### Problem statement
Everything from the line with "从技术面看,金价在4000美" to the last line of the listing must be retyped exactly, both ends included, with the pictures dropped.

### Information supplied
──────

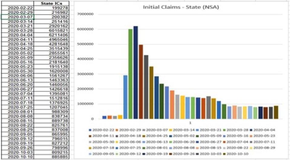 The accompanying table and chart of state ICs shows the flat to slightly rising right-hand tail. “Normal,” i.e., pre-virus, is shown in the left-hand tail. Let’s also remember that +885K ICs are new layoffs, most of which occurred in the prior week. Yikes! In addition, ICs under the CARES Act PUA program (Pandemic Unemployment Assistance – for self-employed, independent contractors, and gig workers) added another +373K. While the PUA ICs fell -91K from the prior week’s +464K level, when the state ICs and PUA ICs are added together, the result is a mind-blowing +1.26 million ICs for the week of October 10th. That’s 6.5 months after the initial shock.
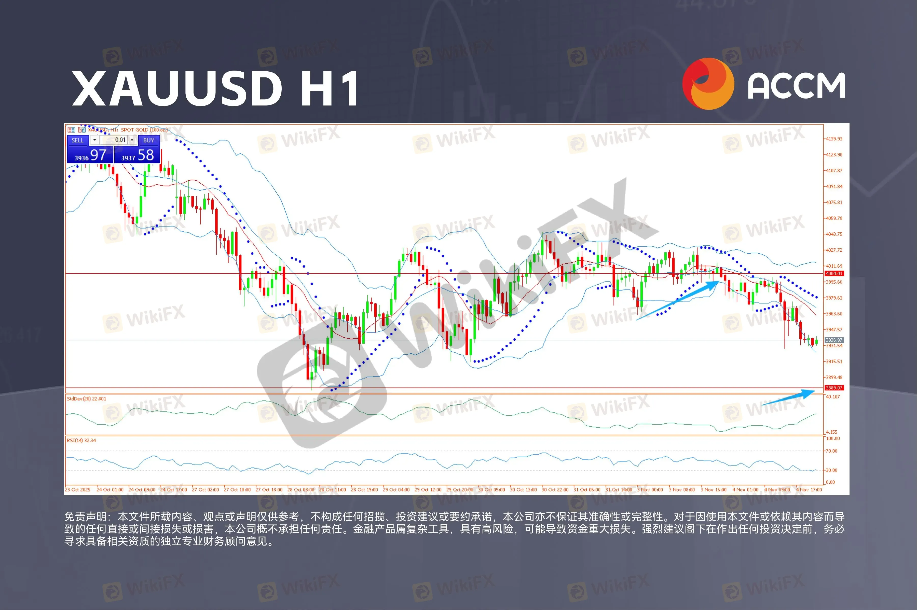从技术面看,金价在4000美元关口及下降趋势线附近受阻后,空头动能明显增强。若价格继续下行,短期支撑可能出现在前期低点3900美元一带。
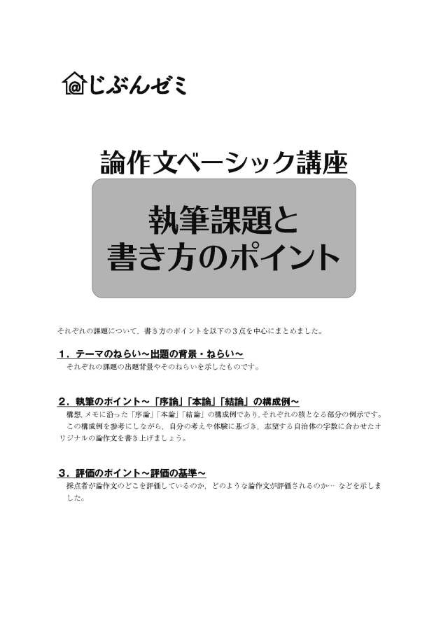 TOP通信講座 論作文講座 論作文ベーシックコース 論作文ベーシックコース 価格: ¥24,200 (税込) 販売期間: 第1志望自治体選択【選択必須】: 選択してください 北海道 札幌市 青森県 岩手県 宮城県 仙台市 秋田県 山形県 福島県 茨城県 栃木県 群馬県 埼玉県 さいたま市 千葉県・千葉市 東京都 神奈川県 横浜市 川崎市 相模原市 新潟県 新潟市 富山県 石川県 福井県 山梨県 長野県 岐阜県 静岡県 静岡市 浜松市 愛知県 名古屋市 三重県 滋賀県 京都府 京都市 大阪府 大阪市 堺市 豊能地区 兵庫県 神戸市 奈良県 和歌山県 鳥取県 島根県 岡山県 岡山市 広島県・広島市 山口県 徳島県 香川県 愛媛県 高知県 福岡県 福岡市 北九州市 佐賀県 長崎県 熊本県 熊本市 大分県 宮崎県 鹿児島県 沖縄県 第2志望自治体選択: 選択してください 北海道 札幌市 青森県 岩手県 宮城県 仙台市 秋田県 山形県 福島県 茨城県 栃木県 群馬県 埼玉県 さいたま市 千葉県・千葉市 東京都 神奈川県 横浜市 川崎市 相模原市 新潟県 新潟市 富山県 石川県 福井県 山梨県 長野県 岐阜県 静岡県 静岡市 浜松市 愛知県 名古屋市 三重県 滋賀県 京都府 京都市 大阪府 大阪市 堺市 豊能地区 兵庫県 神戸市 奈良県 和歌山県 鳥取県 島根県 岡山県 岡山市 広島県・広島市 山口県 徳島県 香川県 愛媛県 高知県 福岡県 福岡市 北九州市 佐賀県 長崎県 熊本県 熊本市 大分県 宮崎県 鹿児島県 沖縄県 第3志望自治体選択: 選択してください 北海道 札幌市 青森県 岩手県 宮城県 仙台市 秋田県 山形県 福島県 茨城県 栃木県 群馬県 埼玉県 さいたま市 千葉県・千葉市 東京都 神奈川県 横浜市 川崎市 相模原市 新潟県 新潟市 富山県 石川県 福井県 山梨県 長野県 岐阜県 静岡県 静岡市 浜松市 愛知県 名古屋市 三重県 滋賀県 京都府 京都市 大阪府 大阪市 堺市 豊能地区 兵庫県 神戸市 奈良県 和歌山県 鳥取県 島根県 岡山県 岡山市 広島県・広島市 山口県 徳島県 香川県 愛媛県 高知県 福岡県 福岡市 北九州市 佐賀県 長崎県 熊本県 熊本市 大分県 宮崎県 鹿児島県 沖縄県 数量: セット 在庫: ○ 在庫 ○ 返品についての詳細はこちら 初めて学ぶ人にも分かりやすい『手取り足取り 特訓道場 合格する論作文』で書き方を学びます。添削指導は指定の課題(6回)+自由課題(1回)の合計7回。答案到着後、約3週間で添削・返却します。 ※2026年実施試験に向けた新クールは、9月上旬より開講となります。
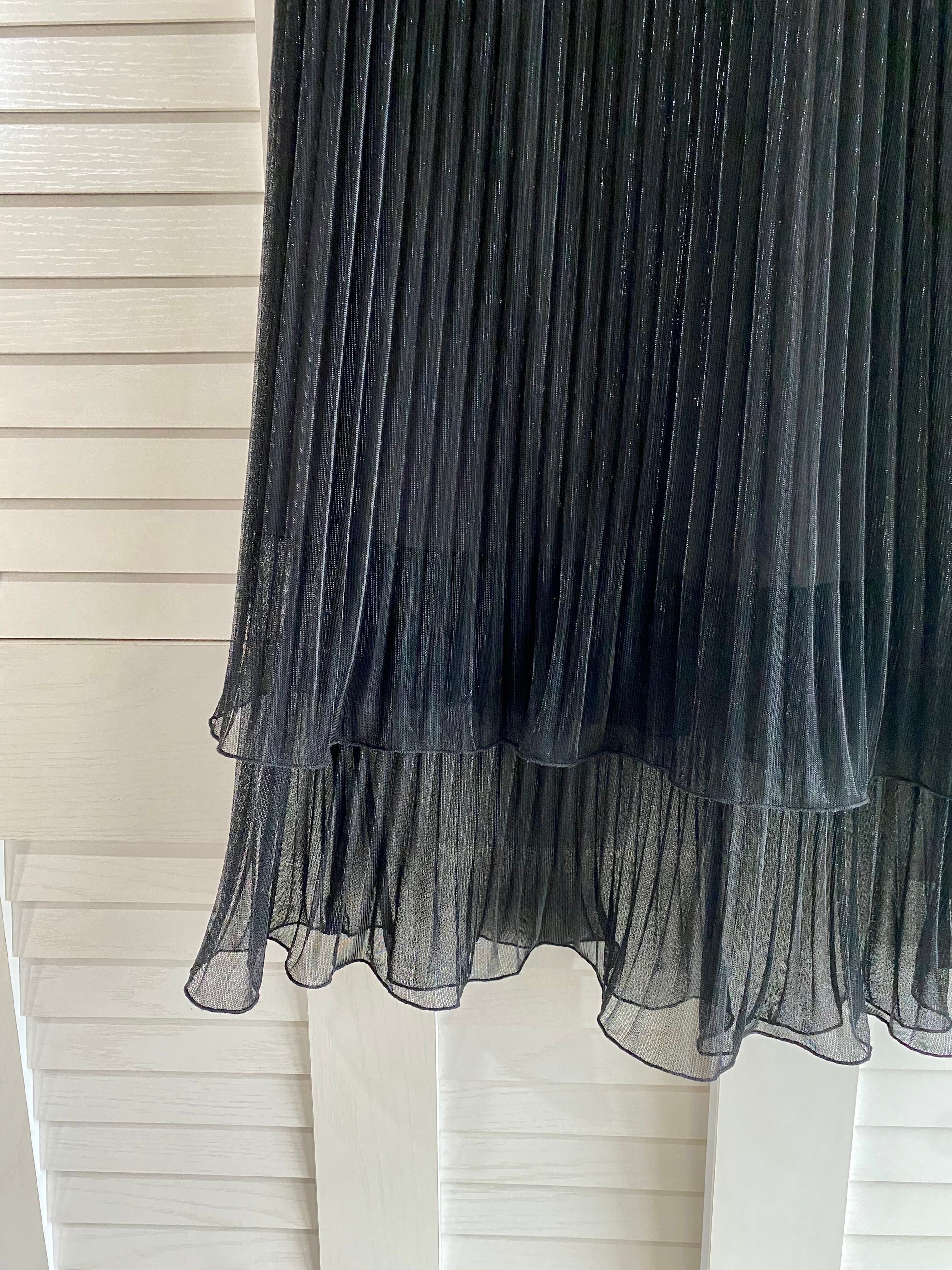 #204 JEANASIS シャイニーメッシュチュールダブルプリーツスカート ブラック

──────

### Final answer
从技术面看,金价在4000美元关口及下降趋势线附近受阻后,空头动能明显增强。若价格继续下行,短期支撑可能出现在前期低点3900美元一带。
 TOP通信講座 論作文講座 論作文ベーシックコース 論作文ベーシックコース 価格: ¥24,200 (税込) 販売期間: 第1志望自治体選択【選択必須】: 選択してください 北海道 札幌市 青森県 岩手県 宮城県 仙台市 秋田県 山形県 福島県 茨城県 栃木県 群馬県 埼玉県 さいたま市 千葉県・千葉市 東京都 神奈川県 横浜市 川崎市 相模原市 新潟県 新潟市 富山県 石川県 福井県 山梨県 長野県 岐阜県 静岡県 静岡市 浜松市 愛知県 名古屋市 三重県 滋賀県 京都府 京都市 大阪府 大阪市 堺市 豊能地区 兵庫県 神戸市 奈良県 和歌山県 鳥取県 島根県 岡山県 岡山市 広島県・広島市 山口県 徳島県 香川県 愛媛県 高知県 福岡県 福岡市 北九州市 佐賀県 長崎県 熊本県 熊本市 大分県 宮崎県 鹿児島県 沖縄県 第2志望自治体選択: 選択してください 北海道 札幌市 青森県 岩手県 宮城県 仙台市 秋田県 山形県 福島県 茨城県 栃木県 群馬県 埼玉県 さいたま市 千葉県・千葉市 東京都 神奈川県 横浜市 川崎市 相模原市 新潟県 新潟市 富山県 石川県 福井県 山梨県 長野県 岐阜県 静岡県 静岡市 浜松市 愛知県 名古屋市 三重県 滋賀県 京都府 京都市 大阪府 大阪市 堺市 豊能地区 兵庫県 神戸市 奈良県 和歌山県 鳥取県 島根県 岡山県 岡山市 広島県・広島市 山口県 徳島県 香川県 愛媛県 高知県 福岡県 福岡市 北九州市 佐賀県 長崎県 熊本県 熊本市 大分県 宮崎県 鹿児島県 沖縄県 第3志望自治体選択: 選択してください 北海道 札幌市 青森県 岩手県 宮城県 仙台市 秋田県 山形県 福島県 茨城県 栃木県 群馬県 埼玉県 さいたま市 千葉県・千葉市 東京都 神奈川県 横浜市 川崎市 相模原市 新潟県 新潟市 富山県 石川県 福井県 山梨県 長野県 岐阜県 静岡県 静岡市 浜松市 愛知県 名古屋市 三重県 滋賀県 京都府 京都市 大阪府 大阪市 堺市 豊能地区 兵庫県 神戸市 奈良県 和歌山県 鳥取県 島根県 岡山県 岡山市 広島県・広島市 山口県 徳島県 香川県 愛媛県 高知県 福岡県 福岡市 北九州市 佐賀県 長崎県 熊本県 熊本市 大分県 宮崎県 鹿児島県 沖縄県 数量: セット 在庫: ○ 在庫 ○ 返品についての詳細はこちら 初めて学ぶ人にも分かりやすい『手取り足取り 特訓道場 合格する論作文』で書き方を学びます。添削指導は指定の課題(6回)+自由課題(1回)の合計7回。答案到着後、約3週間で添削・返却します。 ※2026年実施試験に向けた新クールは、9月上旬より開講となります。
 #204 JEANASIS シャイニーメッシュチュールダブルプリーツスカート ブラック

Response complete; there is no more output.